Pion Production via Proton Synchrotron Radiation in Strong Magnetic Fields in Relativistic Field Theory: Scaling Relations and Angular Distributions

TL;DR

This paper investigates pion production by protons in strong magnetic fields, revealing a decay width dependent solely on field strength, with a robust scaling relation and narrow angular distribution, applicable to astrophysical magnetic fields.

Contribution

It introduces a relativistic field theory calculation showing decay width dependence on a single parameter and establishes a scaling relation for different magnetic field strengths.

Findings

Decay width depends only on the magnetic field strength parameter.

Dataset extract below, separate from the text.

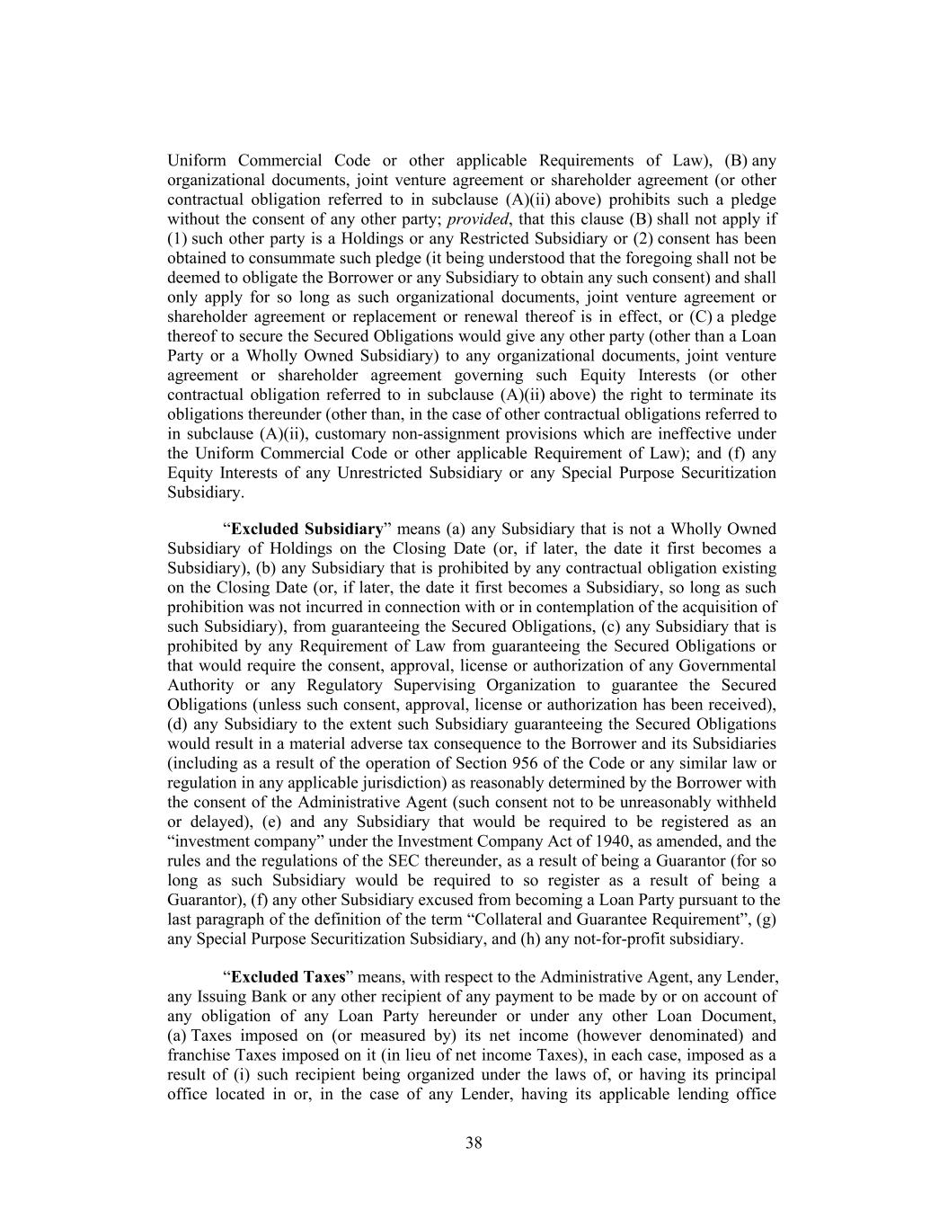 Uniform Commercial Code or other applicable Requirements of Law), (B) any organizational documents, joint venture agreement or shareholder agreement (or other contractual obligation referred to in subclause (A)(ii) above) prohibits such a pledge without the consent of any other party; provided, that this clause (B) shall not apply if (1) such other party is a Holdings or any Restricted Subsidiary or (2) consent has been obtained to consummate such pledge (it being understood that the foregoing shall not be deemed to obligate the Borrower or any Subsidiary to obtain any such consent) and shall only apply for so long as such organizational documents, joint venture agreement or shareholder agreement or replacement or renewal thereof is in effect, or (C) a pledge thereof to secure the Secured Obligations would give any other party (other than a Loan Party or a Wholly Owned Subsidiary) to any organizational documents, joint venture agreement or shareholder agreement governing such Equity Interests (or other contractual obligation referred to in subclause (A)(ii) above) the right to terminate its obligations thereunder (other than, in the case of other contractual obligations referred to in subclause (A)(ii), customary non-assignment provisions which are ineffective under the Uniform Commercial Code or other applicable Requirement of Law); and (f) any Equity Interests of any Unrestricted Subsidiary or any Special Purpose Securitization Subsidiary. “Excluded Subsidiary” means (a) any Subsidiary that is not a Wholly Owned Subsidiary of Holdings on the Closing Date (or, if later, the date it first becomes a Subsidiary), (b) any Subsidiary that is prohibited by any contractual obligation existing on the Closing Date (or, if later, the date it first becomes a Subsidiary, so long as such prohibition was not incurred in connection with or in contemplation of the acquisition of such Subsidiary), from guaranteeing the Secured Obligations, (c) any Subsidiary that is prohibited by any Requirement of Law from guaranteeing the Secured Obligations or that would require the consent, approval, license or authorization of any Governmental Authority or any Regulatory Supervising Organization to guarantee the Secured Obligations (unless such consent, approval, license or authorization has been received), (d) any Subsidiary to the extent such Subsidiary guaranteeing the Secured Obligations would result in a material adverse tax consequence to the Borrower and its Subsidiaries (including as a result of the operation of Section 956 of the Code or any similar law or regulation in any applicable jurisdiction) as reasonably determined by the Borrower with the consent of the Administrative Agent (such consent not to be unreasonably withheld or delayed), (e) and any Subsidiary that would be required to be registered as an “investment company” under the Investment Company Act of 1940, as amended, and the rules and the regulations of the SEC thereunder, as a result of being a Guarantor (for so long as such Subsidiary would be required to so register as a result of being a Guarantor), (f) any other Subsidiary excused from becoming a Loan Party pursuant to the last paragraph of the definition of the term “Collateral and Guarantee Requirement”, (g) any Special Purpose Securitization Subsidiary, and (h) any not-for-profit subsidiary. “Excluded Taxes” means, with respect to the Administrative Agent, any Lender, any Issuing Bank or any other recipient of any payment to be made by or on account of any obligation of any Loan Party hereunder or under any other Loan Document, (a) Taxes imposed on (or measured by) its net income (however denominated) and franchise Taxes imposed on it (in lieu of net income Taxes), in each case, imposed as a result of (i) such recipient being organized under the laws of, or having its principal office located in or, in the case of any Lender, having its applicable lending office 38

Decay width satisfies a robust scaling relation across different Landau levels.

Pion emission has a very narrow angular distribution.

Abstract

We study pion production by proton synchrotron radiation in the presence of a strong magnetic field when the Landau numbers of the initial and final protons are $n_{i,f} \sim 10^4 - 10^5$. We find in our relativistic field theory calculations that the pion decay width depends only on the field strength parameter which previously was only conjectured based upon semi-classical arguments. Moreover, we also find new results that the decay width satisfies a robust scaling relation, and that the polar angular distribution of emitted pion momenta is very narrow and can be easily obtained. This scaling implies that one can infer the decay width in more realistic magnetic fields of $10^{15}$G, where $n_{i,f} \sim 10^{12} - 10^{13}$, from the results for $n_{i,f} \sim 10^4 - 10^5$. The resultant pion intensity and angular distributions for realistic magnetic field strengths are presented and their physical implications discussed.